Вторая скорая едет на место аварии, чтобы помочь оставшемуся там водителю.
Мы доезжаем до больницы, Эрик говорит с заведующим, просит уделить внимание, отправить лучших специалистов. И его слушают. Через пол часа нам сообщают, что все пострадавшие стабилизированы. Ребёнок — под наблюдением, и он в порядке. Родители тоже будут жить.
Я выхожу из больницы, мне нужен воздух. Меня трясёт. Холод и адреналин сливаются в одно.
— Эй, — тихо говорит Эрик. Подходит. Смотрит. — С тобой всё в порядке?
Я киваю, не доверяя голосу. Он подходит ближе. Его руки обнимают меня. Сильно. Не страстно или жадно. А — как будто бы я снова его часть. Как когда-то.
— Ты молодец, — шепчет он.
Просто стою, прижимаясь к нему. И впервые за всё это время — позволяю себе опереться на него.
— Ты не должна была туда бежать, — говорит он. — Это было опасно.
— А я не могла иначе.
— Почему ты так тряслась? — вдруг спрашивает он. — Ты плакала не только из-за них?
Я отвожу взгляд. Слова застревают в горле. Потому что я снова пережила ту потерю. Но вслух говорю только:
— Потому что я не хотела, чтобы ещё одна мама осталась без ребёнка.
Глава 15
Утро тянется вяло. Я стою перед зеркалом, собираясь на работу, и почему-то не могу найти серёжку, которую только что держала в руках. Всё валится из рук.
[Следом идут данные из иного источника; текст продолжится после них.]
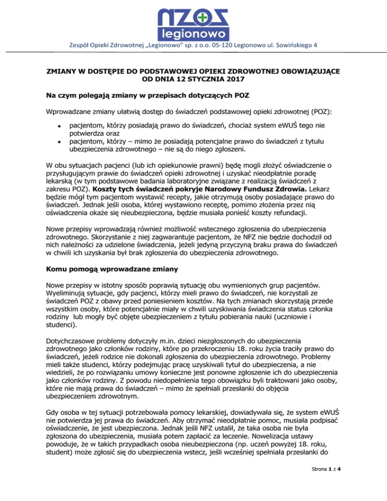 Zespół Opieki Zdrowotnej „Legionowo” sp. z o.o. 05-120 Legionowo ul. Sowińskiego 4 ZMIANY W DOSTĘPIE DO PODSTAWOWEJ OPIEKI ZDROWOTNEJ OBOWIĄZUJĄCE OD DNIA 12 STYCZNIA 2017 Na czym polegają zmiany w przepisach dotyczących POZ Wprowadzane zmiany ułatwią dostęp do świadczeń podstawowej opieki zdrowotnej (POZ): pacjentom, którzy posiadają prawo do świadczeń, chociaż system eWUŚ tego nie potwierdza oraz pacjentom, którzy – mimo że posiadają potencjalne prawo do świadczeń z tytułu ubezpieczenia zdrowotnego – nie są do niego zgłoszeni. W obu sytuacjach pacjenci (lub ich opiekunowie prawni) będę mogli złożyć oświadczenie o przysługującym prawie do świadczeń opieki zdrowotnej i uzyskać nieodpłatnie poradę lekarską (w tym podstawowe badania laboratoryjne związane z realizacją świadczeń z zakresu POZ). Koszty tych świadczeń pokryje Narodowy Fundusz Zdrowia. Lekarz będzie mógł tym pacjentom wystawić recepty, jakie otrzymują osoby posiadające prawo do świadczeń. Jednak jeśli osoba, której wystawiono receptę, pomimo złożenia przez nią oświadczenia okaże się nieubezpieczona, będzie musiała ponieść koszty refundacji. Nowe przepisy wprowadzają również możliwość wstecznego zgłoszenia do ubezpieczenia zdrowotnego. Skorzystanie z niej zagwarantuje pacjentom, że NFZ nie będzie dochodził od nich należności za udzielone świadczenia, jeżeli jedyną przyczyną braku prawa do świadczeń w chwili ich uzyskania był brak zgłoszenia do ubezpieczenia zdrowotnego. Komu pomogą wprowadzane zmiany Nowe przepisy w istotny sposób poprawią sytuację obu wymienionych grup pacjentów. Wyeliminują sytuacje, gdy pacjenci, którzy mieli prawo do świadczeń, nie korzystali ze świadczeń POZ z obawy przed poniesieniem kosztów. Na tych zmianach skorzystają przede wszystkim osoby, które potencjalnie miały w chwili uzyskiwania świadczenia status członka rodziny lub mogły być objęte ubezpieczeniem z tytułu pobierania nauki (uczniowie i studenci). Dotychczasowe problemy dotyczyły m.in. dzieci niezgłoszonych do ubezpieczenia zdrowotnego jako członków rodziny, które po przekroczeniu 18. roku życia traciły prawo do świadczeń, jeżeli rodzice nie dokonali zgłoszenia do ubezpieczenia zdrowotnego. Problemy mieli także studenci, którzy podejmując pracę uzyskiwali tytuł do ubezpieczenia, a nie wiedzieli, że po rozwiązaniu umowy konieczne jest ponowne zgłoszenie ich do ubezpieczenia jako członków rodziny. Z powodu niedopełnienia tego obowiązku byli traktowani jako osoby, które nie mają prawa do świadczeń – mimo że spełniali przesłanki do objęcia ubezpieczeniem zdrowotnym. Gdy osoba w tej sytuacji potrzebowała pomocy lekarskiej, dowiadywała się, że system eWUŚ nie potwierdza jej prawa do świadczeń. Aby otrzymać nieodpłatnie pomoc, musiała podpisać oświadczenie, że jest ubezpieczona. Jednak jeśli NFZ ustalił, że taka osoba nie była zgłoszona do ubezpieczenia, musiała potem zapłacić za leczenie. Nowelizacja ustawy powoduje, że w takich przypadkach osoba nieubezpieczona (np. uczeń powyżej 18. roku, student) może zgłosić się do ubezpieczenia wstecz, jeśli wcześniej spełniała przesłanki do Strona 1 z 4 objęcia ubezpieczeniem jako członek rodziny. Dzięki temu tacy pacjenci będą mogli otrzymać pomoc lekarską, której kosztami nie będą już obarczani. Kiedy nowe przepisy wchodzą w życie Przepisy, które zapewnią obu grupom pacjentów dostęp do podstawowej opieki zdrowotnej, zawiera ustawa z dnia 4 listopada 2016 r. o zmianie ustawy o świadczeniach opieki zdrowotnej finansowanych ze środków publicznych oraz niektórych innych ustaw (Dz.U. poz. 2173). W zakresie zasad dochodzenia roszczeń świadczeń z zakresu podstawowej opieki zdrowotnej ustawa wchodzi w życie 14 dni od dnia ogłoszenia, czyli 12 stycznia 2017 r. Jest to rozwiązanie przejściowe. Od stycznia 2018 roku zamierzamy odejść od zasady ubezpieczenia zdrowotnego. Zmiany systemowe spowodują, że wszyscy pacjenci, którzy będą potrzebowali pomocy medycznej, otrzymają ją na równych zasadach. Kto będzie płacił za wizyty lekarskie Narodowy Fundusz Zdrowia poniesie koszty wizyty u lekarza POZ osoby, która nie ma prawa do świadczeń, jeżeli złożyła ona oświadczenie o przysługującym prawie do świadczeń opieki zdrowotnej (lub system eWUŚ potwierdził jej prawo do świadczeń). Wprowadzone zmiany nie zmieniają sposobu rozliczania świadczeń z zakresu podstawowej opieki zdrowotnej. Narodowy Fundusz Zdrowia sfinansuje te wizyty na dotychczasowych zasadach. Czy pacjenci nadal będą potwierdzali prawo do świadczeń Wprowadzane zmiany nie znoszą obowiązku potwierdzenia prawa do świadczeń i nie przewidują żadnych zmian dotyczących sposobów jego potwierdzania. Od 1 stycznia 2013 r. pacjenci potwierdzają prawo do świadczeń przez: elektroniczne potwierdzenie za pośrednictwem systemu eWUŚ, złożenie oświadczenia o przysługującym prawie do świadczeń opieki zdrowotnej, przedstawienie dokumentu papierowego potwierdzającego prawo do świadczeń. Zgodnie z dotychczasowymi zasadami pacjenci przed uzyskaniem świadczenia muszą potwierdzić prawo do świadczeń opieki zdrowotnej w jeden z wymienionych sposobów, przewidzianych przez ustawę o świadczeniach. Dotychczas, gdy system eWUŚ nie potwierdził prawa do świadczeń, pacjent także mógł złożyć oświadczenie o przysługującym prawie do świadczeń opieki zdrowotnej. Uzyskanie oświadczenia od pacjenta gwarantowało lekarzowi POZ rozliczenie udzielonego świadczenia (w tym zakresie nie nastąpiły zmiany). Wsteczne zgłoszenie do ubezpieczenia Znacząca większość pacjentów, którym system eWUŚ nie potwierdza prawa do świadczeń opieki zdrowotnej, to osoby, które mają potencjalne prawo do świadczeń z tytułu Strona 2 z 4 ubezpieczenia, lecz nie zostały zgłoszone do ubezpieczenia zdrowotnego. Dotyczy to przede wszy

Наверное, дело в недосказанности. В неловком молчании, которое наступило, когда Эрик высадил меня у дома.
В голове прокручивается вчерашний поцелуй, мой отказ, события на дороге, поездка в больницу и не вовремя сказанные мной слова, а после — его молчание, неловкое, густое, почти липкое. После больницы он так и не заговорил со мной. Только посмотрел, так, будто хотел что-то сказать, но сдержался. И я тоже молчала. Эрик подвёз меня к дому, не заглушая двигатель, дождался, пока я вышла из машины, а после просто уехал. И я тоже молчала. Только спасибо на прощание сказала, глупое, не по делу.
От него — ни намёка, ни объяснения. Как будто ничего и не было.
Выхожу в прихожую, надеваю кроссовки, и вдруг за дверью раздаётся собачий лай — громкий. Я замираю. Час ранний. Думала сегодня прийти на работу пораньше, выполнить план на день и отпроситься к маме в больницу.
Сердце на мгновение замирает. Кто мог приехать ко мне так рано? На улице тихо. Морщусь, выглядывая в окно. Ничего. Только белая машина за воротами на солнце поблёскивает… Что это? Серьёзно? Машина вся усыпана стразами?
Нахмурившись, спускаюсь по ступенькам и выхожу на крыльцо. Тихо. Слишком тихо, только собака снова зарычала.
Я открываю калитку. Медленно, спокойно. Не потому, что не волнуюсь. Просто не хочу, чтобы кто-то почувствовал хоть каплю моей слабости.
Передо мной — она.
— Здравствуй, Агата, — звучит этот голос, от которого у меня когда-то стыла кровь.
Валентина Аркадьевна. Бывшая свекровь. Высокая, с идеальной укладкой, губы накрашены алой помадой, взгляд как лезвие, волосы уложены, дорогая сумка болтается на согнутом локте. Всё такая же прямая осанка, будто держит спину, как знамя.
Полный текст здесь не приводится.